§ **WHAT YOU SHOULD DO**
Set down the data again word for word. Skip any pictures.

§ **DATASET EXCERPT**
--------------------

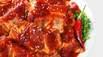 돼지갈비 1kg 물 4컵 마늘 10쪽 대파 1대 양파 하나 생강 1조각(약 20g) 청주 100ml 간장 100ml 고추장 100g 설탕 70g 굵은 고춧가루 2 큰술 참기름 1 큰술 후추 약간 깻잎, 청경채 등 장식용 채소(선택사항)
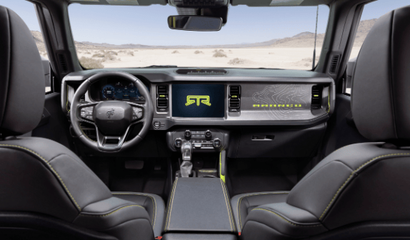 内饰亮点包括定制的等高线图案横跨副驾驶侧仪表板,配有超亮柠檬绿Bronco徽章,视觉主题延续到中控台的专用Bronco RTR标志。前排座椅压印RTR标志,信息娱乐系统配备定制启动动画。作为顶级风格车型,Bronco RTR标准配置包括加热座椅、双区气候控制和福特的Co-Pilot 360套件,覆盖舒适性和驾驶辅助功能。
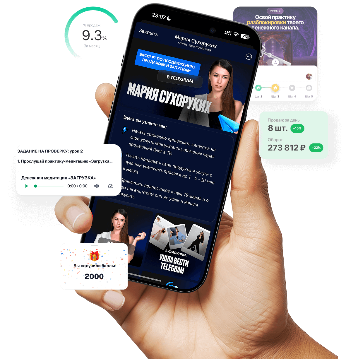 Система напоминаний, автосообщения, геймификация с баллами — MiniApp вовлекает и ведёт ученика за руку.

--------------------

§ **WRITTEN SOLUTION**
 돼지갈비 1kg 물 4컵 마늘 10쪽 대파 1대 양파 하나 생강 1조각(약 20g) 청주 100ml 간장 100ml 고추장 100g 설탕 70g 굵은 고춧가루 2 큰술 참기름 1 큰술 후추 약간 깻잎, 청경채 등 장식용 채소(선택사항)
 内饰亮点包括定制的等高线图案横跨副驾驶侧仪表板,配有超亮柠檬绿Bronco徽章,视觉主题延续到中控台的专用Bronco RTR标志。前排座椅压印RTR标志,信息娱乐系统配备定制启动动画。作为顶级风格车型,Bronco RTR标准配置包括加热座椅、双区气候控制和福特的Co-Pilot 360套件,覆盖舒适性和驾驶辅助功能。
 Система напоминаний, автосообщения, геймификация с баллами — MiniApp вовлекает и ведёт ученика за руку.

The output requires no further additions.